本当は物凄く困っているんだろう。頬が赤くなってた。
その顔を手で包んで。
「抱いてもいいか?」
言い含めるように、そっと尋ねる。
片嶋は目を伏せたまま、「はい」と短い返事をした。




翌日は快晴の日曜日。
大騒ぎをしながら、二人で部屋を片付けた。
もともと少ない荷物だから、あっという間に片付いて、午後は二人でのんびりと過ごした。
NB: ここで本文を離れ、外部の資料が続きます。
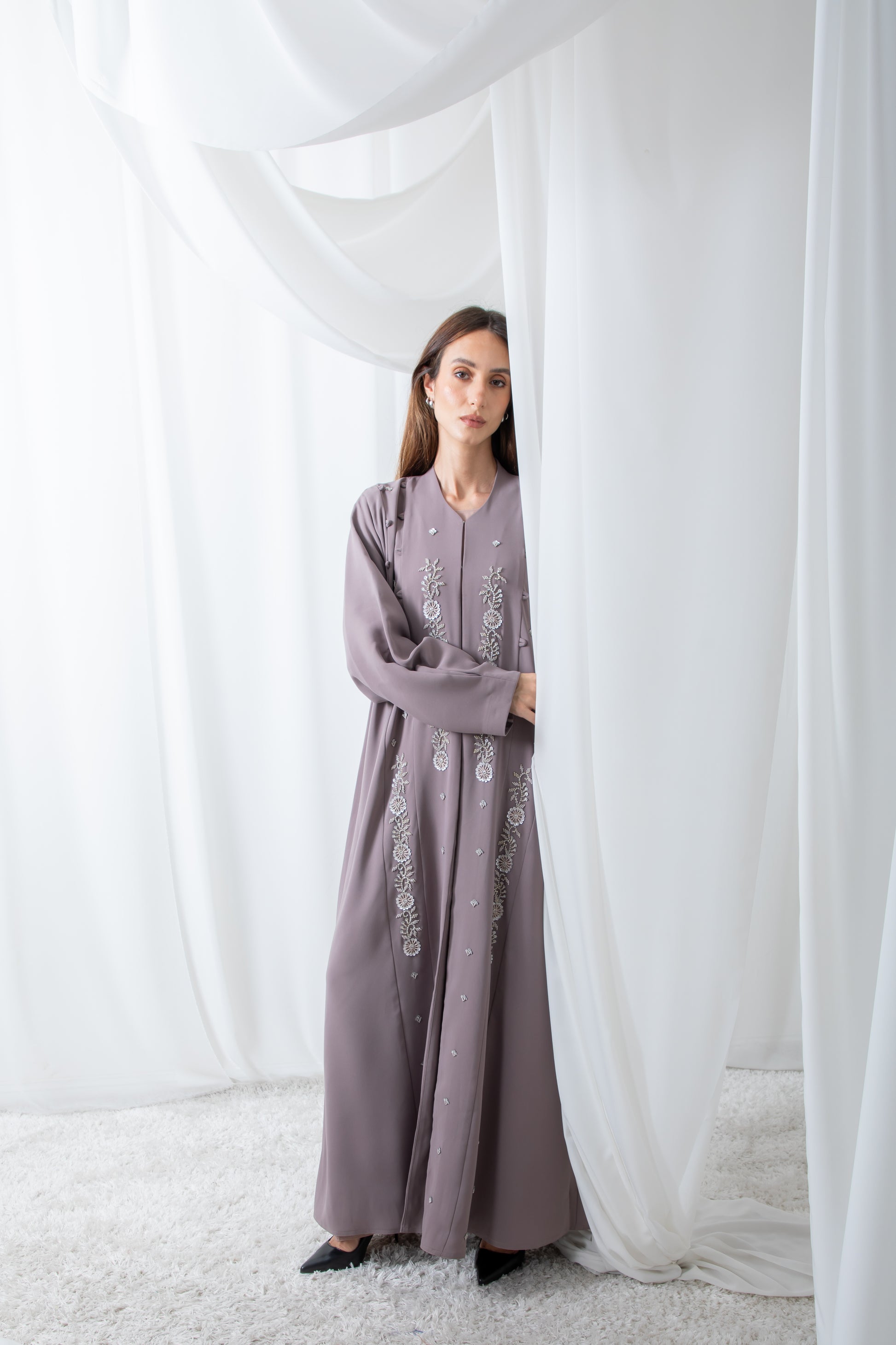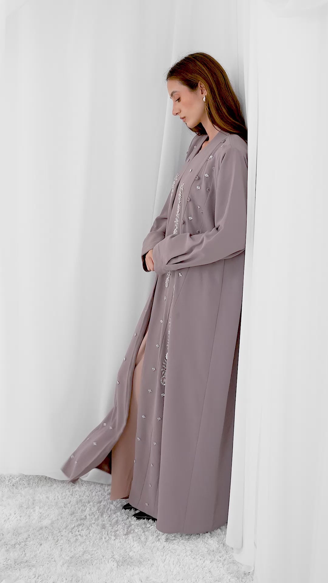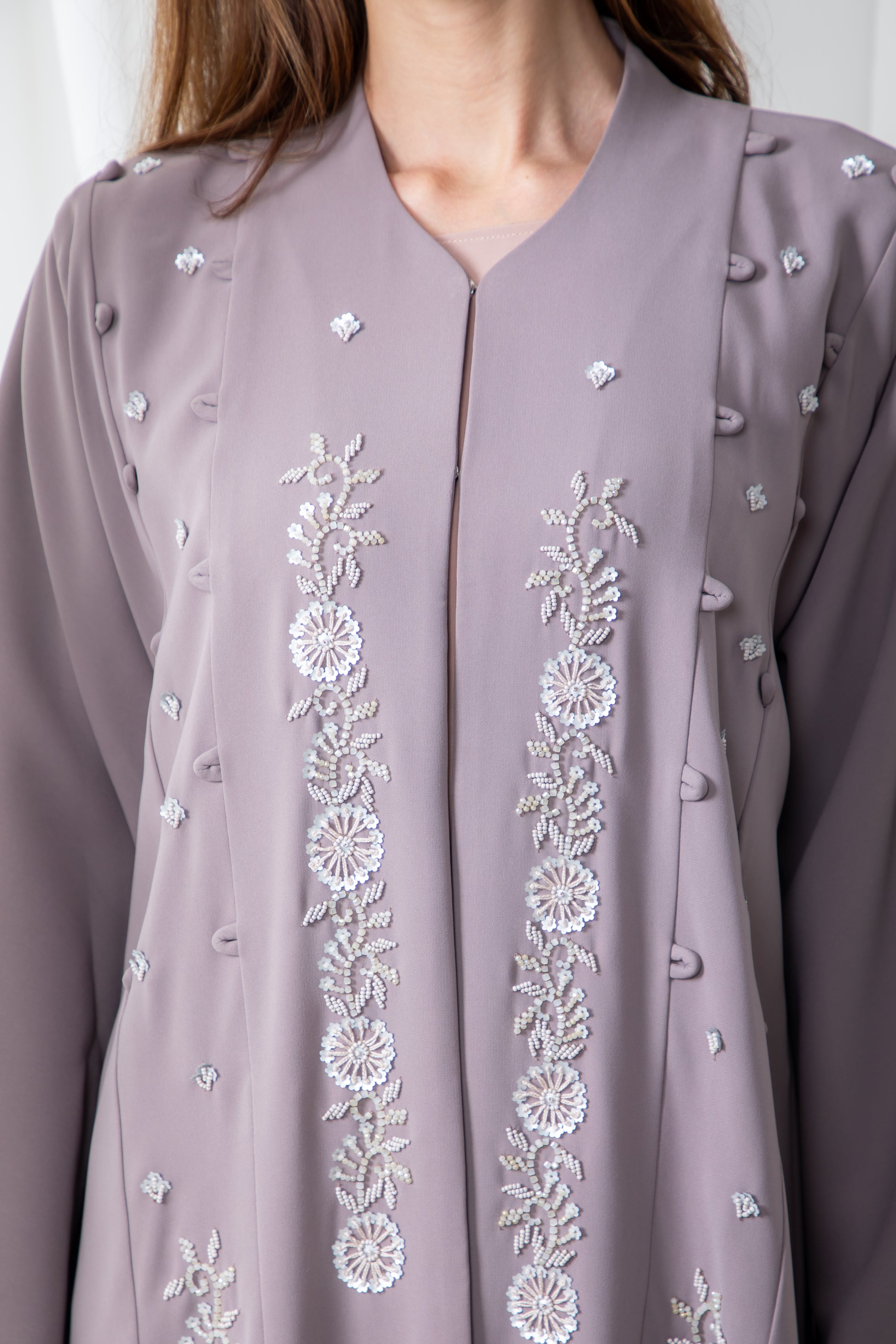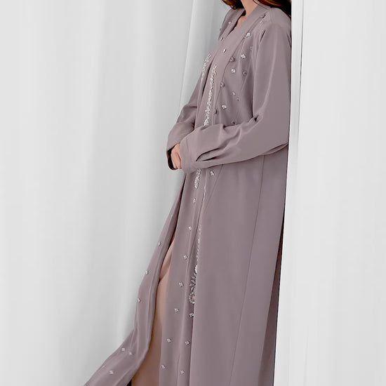 A beautiful, full-length, open abaya in a soft tonal mauve fabric. It is adorned with delicate tonal beading or embroidery in a floral pattern running down the front panels. The abaya is layered over a lighter, matching slip dress, creating a soft and quiet glamorous look.

窓際にソファを移動させて、陽射しでフカフカになりながら。
まるで何年も一緒にいるみたいに。
こうしていることが当たり前みたいに。
「適応能力ってすごいよな」
「なんのことですか?」
「他人がいても違和感がない」
誰かと暮らすことなんて今まで一度だって考えたことはなかったのに。
「それって、適応能力なんですか?」
片嶋は笑いながら本当に楽しそうに妙な手触りのクッションと戯れていた。
「あ、片嶋、」
クッションを抱いたまま、顔だけ俺に向けて。
「俺、明日は接待で遅くなるから。先に寝てろよ」
頷いて、何か考えてから口を開いた。
「そんなに遅いんですか?」
昨日はちょっとタメ口だったのに。今朝からまた丁寧語に戻ってるんだよな。
……まあ、いいんだけど。
「過去の統計からすると帰宅時間は2時だな」
接待が多くて面倒だから早く宮野に担当をおろしてしまおうと思っている取引先だった。
「わかりました」
片嶋は笑顔で返事をした。
なんだか俺が遅く帰ってくるのが嬉しいみたいに見えて、ちょっと淋しい気がしたが。
片嶋だってたまには一人になりたいってこともあるかもしれないし。
もしかしたら、仕事を持って帰ってくるつもりかもしれないし……
無理矢理そんな理由をつけて自分を納得させた。




そして、月曜日の夕方。
「桐野さん〜〜、接待、キャンセルになりました〜。早く帰れますね〜」
宮野の抜けた声を聞きながら接待が流れたことを片嶋にメールしたが、返事がなかった。
せっかく一緒にメシが食えると思ったけど、片嶋はきっと忙しいんだろう。
「帰りに軽く飲みに行きましょうか〜」
接待が流れて浮かれている宮野と阿部を無視して帰り支度を始めた。
夕飯なんて、一人で食うのが当たり前だったんだよな。
「俺、今日は帰るよ」
家にはまだ日曜に買った食材が残ってる。
それに、夕飯を作ってる途中で片嶋も帰ってくるかもしれないし。
そう思って。
なのに。
ドアを開けると電気がついていて、片嶋がいた。
玄関のドアを開けてすぐの所にあるキッチンで、片嶋は何故か真剣にキャベツを切っていた。
「……何してんだ?」
俺に気付くと急速に頬を染めて。ついでに、自分の状況を確認してから、耳まで赤くなった。
「えっと……夕飯の、……桐野さん、接待じゃ……?」
片嶋がシモネタ以外のことで慌てるのも珍しい。
「流れた」
片嶋の手元。
千切りのはずのキャベツは幅1センチから2センチくらい。
シンクにも床にもバラバラと散っていた。
「おまえ、何作ろうと思ってるんだ?」
「……コールスロー…」
自分でもそれが目指した物からかけ離れていることが分かるんだろう。
片嶋はちょっと複雑な表情で目の前のキャベツを見ていた。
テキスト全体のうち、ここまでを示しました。